Il piano di Ryanair per l'Italia prevede 30 nuove rotte

alberto ferrigolo

In un'intervista al Corriere della Sera il nuovo ad di Ryanair, Eddie Wilson, dice che una eco-tax sui biglietti aerei come proposto dal ministro dell'istruzione Fioramonti, assieme ad una tassa sulle merendine, “sarebbe inefficace”. Tanto più, aggiunge, che “quest'anno pagheremo 630 milioni di euro di tasse”.

Ma l'occasione dell'intervista al quotidiano di via Solferino è dovuta al fatto che Ryanair prevede per la prossima estate 2020 il lancio di nuove 30 rotte per un totale che supera così le 500. Un balzo in avanti, per la compagnia low cost, se si pensa che solo due anni fa lamentava di aver pochi piloti. E alcuni se ne andavano anche trasmigrando altrove mentre oggi “ci sono meno piloti che lasciano Ryanair, complice il fatto che altre compagnie stanno fallendo e noi offriamo una sicurezza lavorativa”.

Prima pochi, oggi troppi. L'ad Wilson giustifica l'abbondanza affermando anche che “abbiamo meno aerei di quelli previsti” e “i Boeing 737 Max che dovevano arrivare non sono stati consegnati per il fermo mondiale dopo gli incidenti in Indonesia ed Etiopia”.

I piloti in più sono 500 su 5 mila e il gap viene compensato, spiega Wilson, cercando di ridurre l'impatto “proponendo loro di mettersi in ferie non retribuite o lavorare part-time” ma poi quando i 737 Max arriveranno “ci serviranno” chiosa Wilson, che spiega anche che la compagnia low cost ha smesso di puntare i propri occhi su Alitalia: la compagnia di bandiera tricolore “Ha un brand fortissimo e va bene sui voli intercontinentali” ma sul segmento domestico ed europeo “noi facciamo meglio” aggiunge, e  a Il Sole 24 Ore, Wilson spiega che un accordo di feederaggio “per i voli a corto raggio è ancora sul tavolo”.

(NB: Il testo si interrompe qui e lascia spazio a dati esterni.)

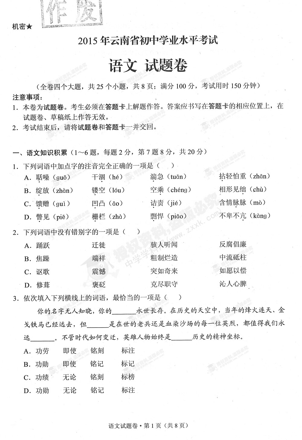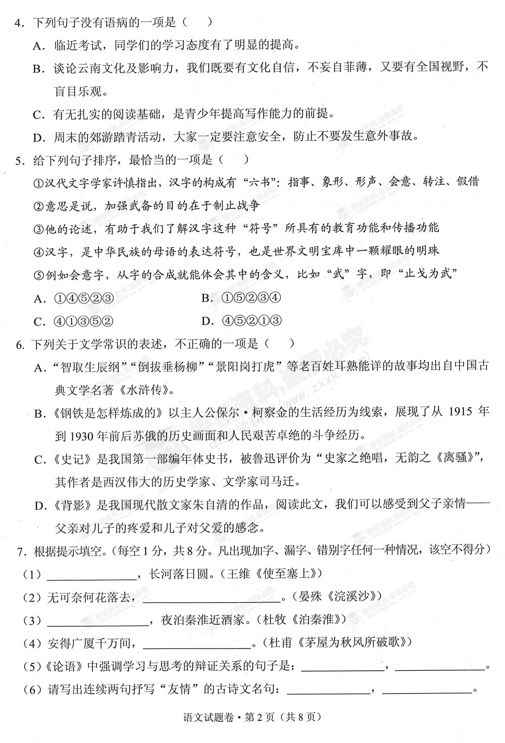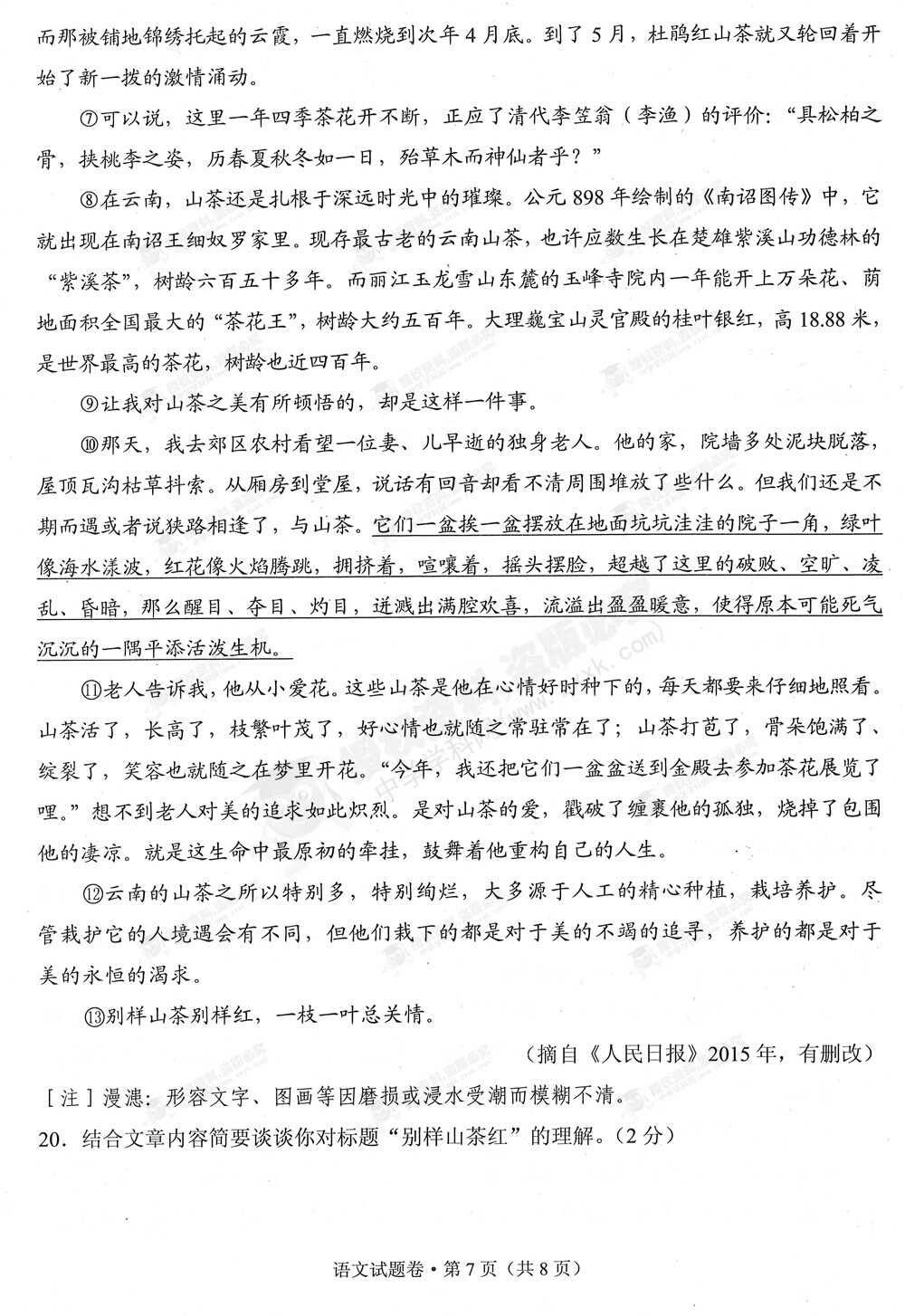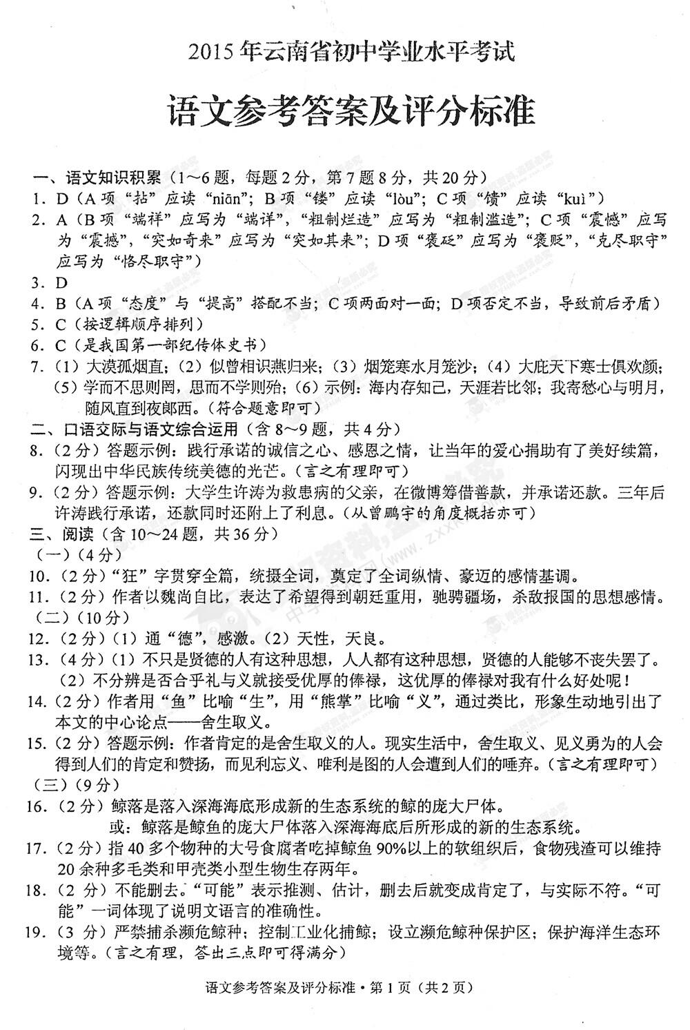 2015年云南中考語文試卷及答案(完整版)
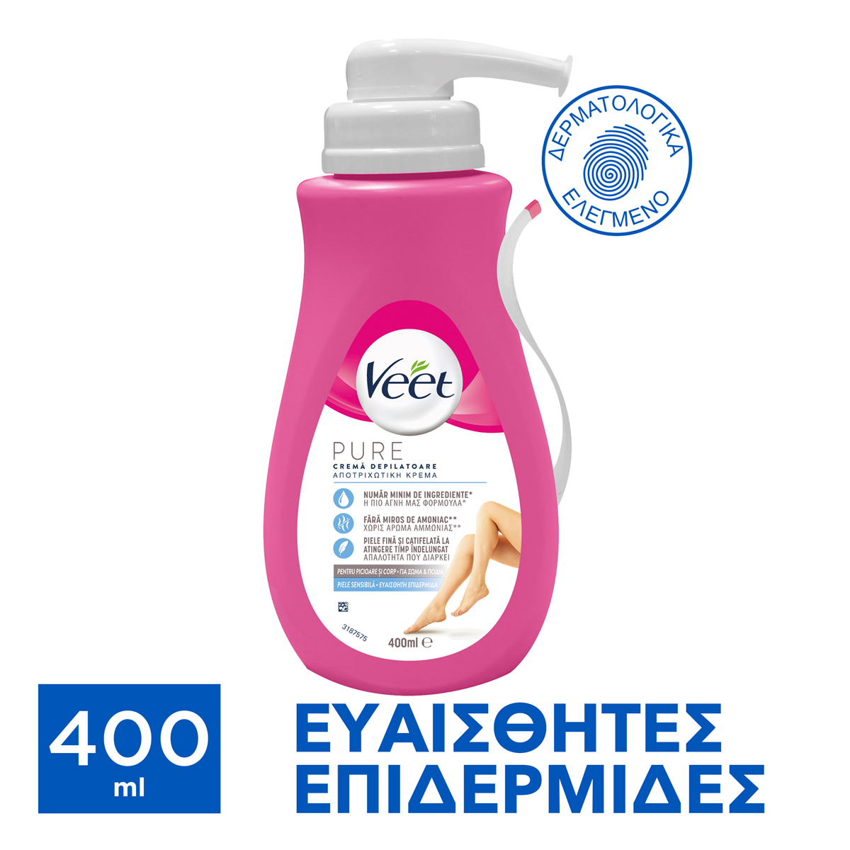 Η Veet® Αποτριχωτική Κρέμα για Ευαίσθητο Δέρμα δρα κοντά στη ρίζα, ακόμη και σε κοντές τρίχες, προσφέροντάς σας μεταξένια απαλότητα για έως και μία εβδομάδα. Απολαύστε μεταξένια επιδερμίδα και υπέροχο άρωμα, αφαιρώντας αποτελεσματικά τις τρίχες. Η Veet όχι μόνο ενυδατώνει την επιδερμίδα σας για έως και 24 ώρες, αλλά είναι κλινικά αποδεδειγμένο ότι προσφέρει έως και 7 μέρες λειότητας. Έτσι, το δέρμα σας δεν θα είναι απλώς απαλό, αλλά λείο και μεταξένιο, θα έχει όλα τα απαραίτητα θρεπτικά συστατικά, ενώ και οι τρίχες που ξαναβγαίνουν θα είναι πιο απαλές.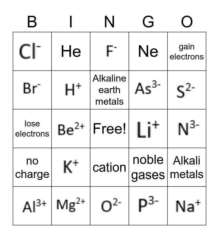 This bingo card has 17 images, a free space and 12 words: anion, cation, no charge, gain electrons, lose electrons, noble gases, 4+ or 4-, Ne, He, Alkali metals, Alkaline earth metals and Halogens.
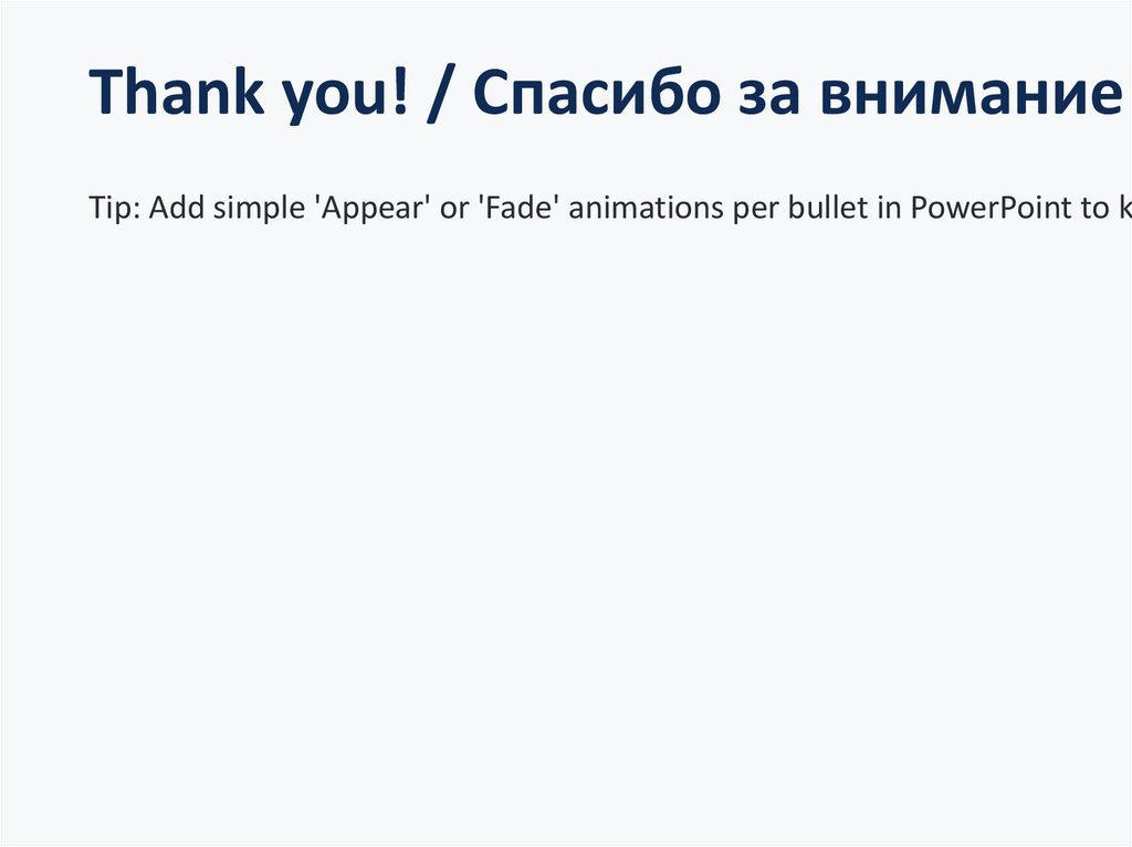 Thank you! / Спасибо за вниманиеTip: Add simple 'Appear' or 'Fade' animations per bullet in PowerPoint to ke

Per poi aggiungere: “Il vettore ha un forte brand riconosciuto a livello internazionale, ma non può competere con il nostro network sul corto raggio: in Italia siamo la prima compagnia con una quota del 28%, voliamo da 29 aeroporti e prevediamo quest'anno di trasportare 43,2 milioni passeggeri (+2%). Sta ad Alitalia decidere quale modello vuole adottare per il futuro”.

"Nel caso, aggiunge Wilson, le operazioni in Italia che oggi sono di Ryanair finiranno sotto Malta”, anche se “non è detto che saranno trasferiti aerei con la livrea maltese”. Tuttavia, assistenti di volo e piloti basati in Italia diventeranno dipendenti di Malta Air, anche se “la cosa importante è che verseranno tutte le tasse in Italia” assicura Eddie Wilson.

Ma con la Brexit Ryanair come la mette, se tra un anno la Gran Bretagna uscisse dall'Europa con o senza deal? “Abbiamo le necessarie certificazioni per operare anche nell'ipotesi più ardita” risponde Wilson, e “anche se fosse hard Brexit, non ci saranno problemi per i voli Ryanair in Gran Bretagna e nemmeno per quelli tra Gran Bretagna e Irlanda” promette l'ad, che però spiega anche come il modello low cost non sia cambiato da vent'anni “e i numeri ci danno ragione”.

“Ryanair è la compagnia aerea – aggiunge Wilson al Sole 24 Ore – con le tariffe e i costi più bassi in Europa. Siamo numeri uno in Europa con 157 milioni di passeggeri previsti quest'anno con l'obiettivo di raggiungere 200 milioni entro il 2024. Siamo presenti in 256 aeroporti e copriamo 2.100 rotte”.